Directions for this task: Word for word, copy the lines beginning at the one with "По аналогии с" and ending at the last line below; pictures stay out.

Given data:
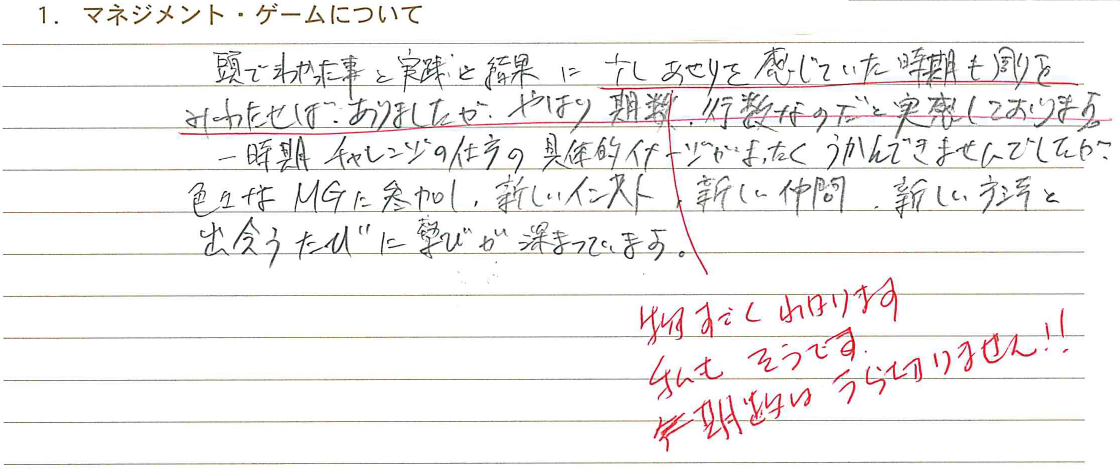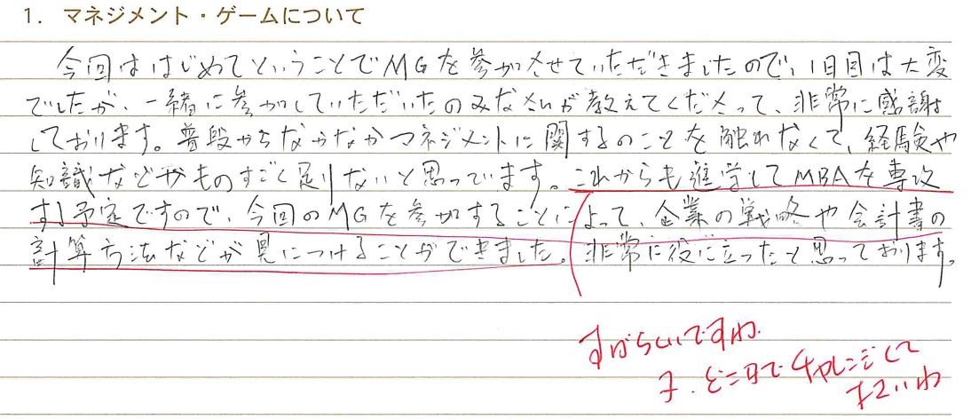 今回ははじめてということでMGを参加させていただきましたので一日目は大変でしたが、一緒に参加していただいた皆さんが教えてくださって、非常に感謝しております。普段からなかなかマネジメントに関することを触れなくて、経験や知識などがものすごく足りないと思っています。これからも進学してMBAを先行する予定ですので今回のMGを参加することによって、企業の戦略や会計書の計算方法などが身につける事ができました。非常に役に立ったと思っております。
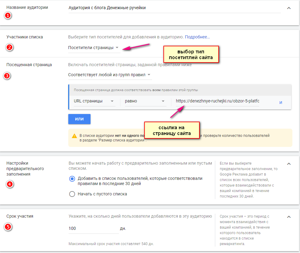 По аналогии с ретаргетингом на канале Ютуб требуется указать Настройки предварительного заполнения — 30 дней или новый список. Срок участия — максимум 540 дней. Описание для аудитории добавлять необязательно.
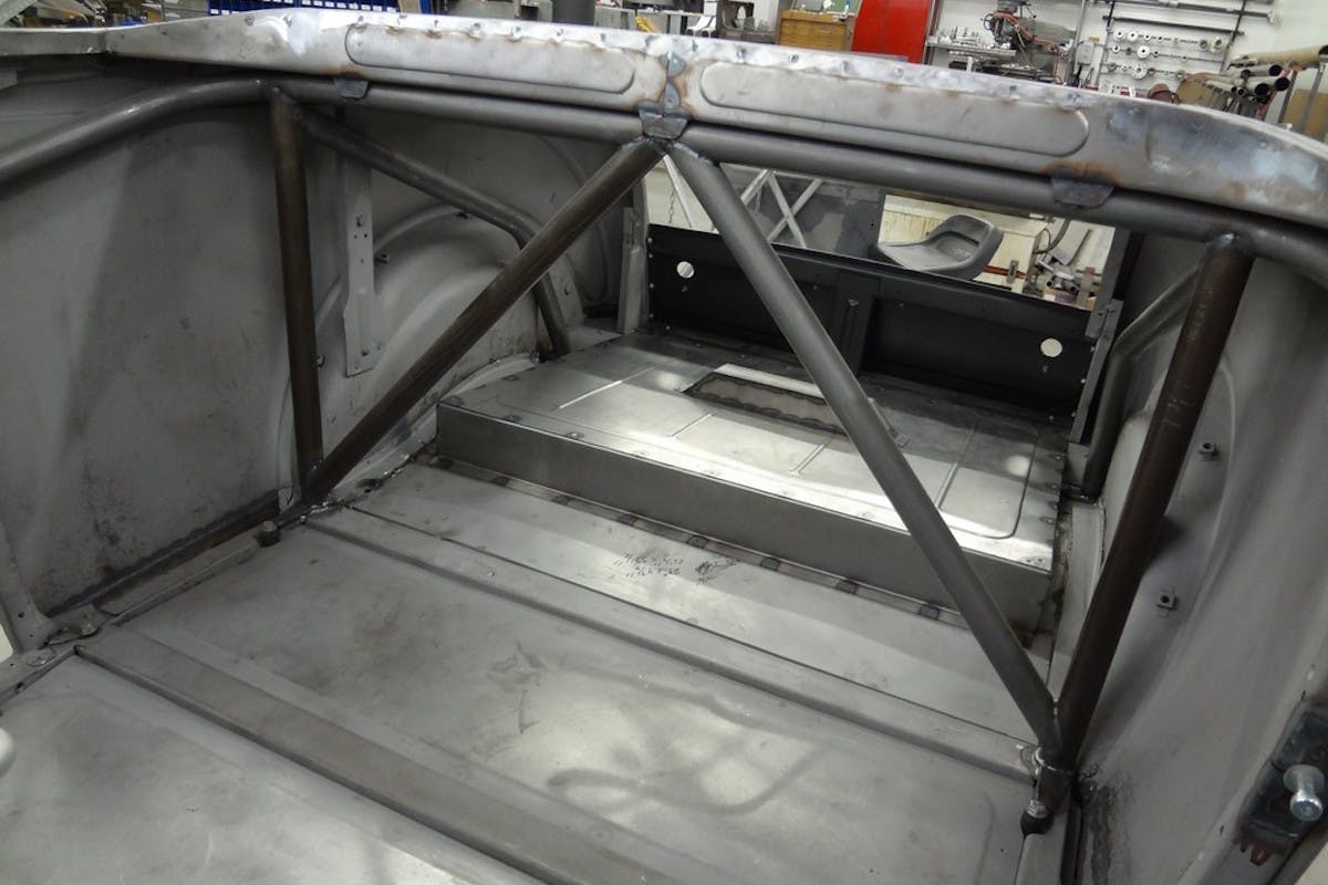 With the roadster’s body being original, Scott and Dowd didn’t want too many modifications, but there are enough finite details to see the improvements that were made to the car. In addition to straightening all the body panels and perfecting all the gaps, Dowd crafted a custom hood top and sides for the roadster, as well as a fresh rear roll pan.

Response:
 По аналогии с ретаргетингом на канале Ютуб требуется указать Настройки предварительного заполнения — 30 дней или новый список. Срок участия — максимум 540 дней. Описание для аудитории добавлять необязательно.
 With the roadster’s body being original, Scott and Dowd didn’t want too many modifications, but there are enough finite details to see the improvements that were made to the car. In addition to straightening all the body panels and perfecting all the gaps, Dowd crafted a custom hood top and sides for the roadster, as well as a fresh rear roll pan.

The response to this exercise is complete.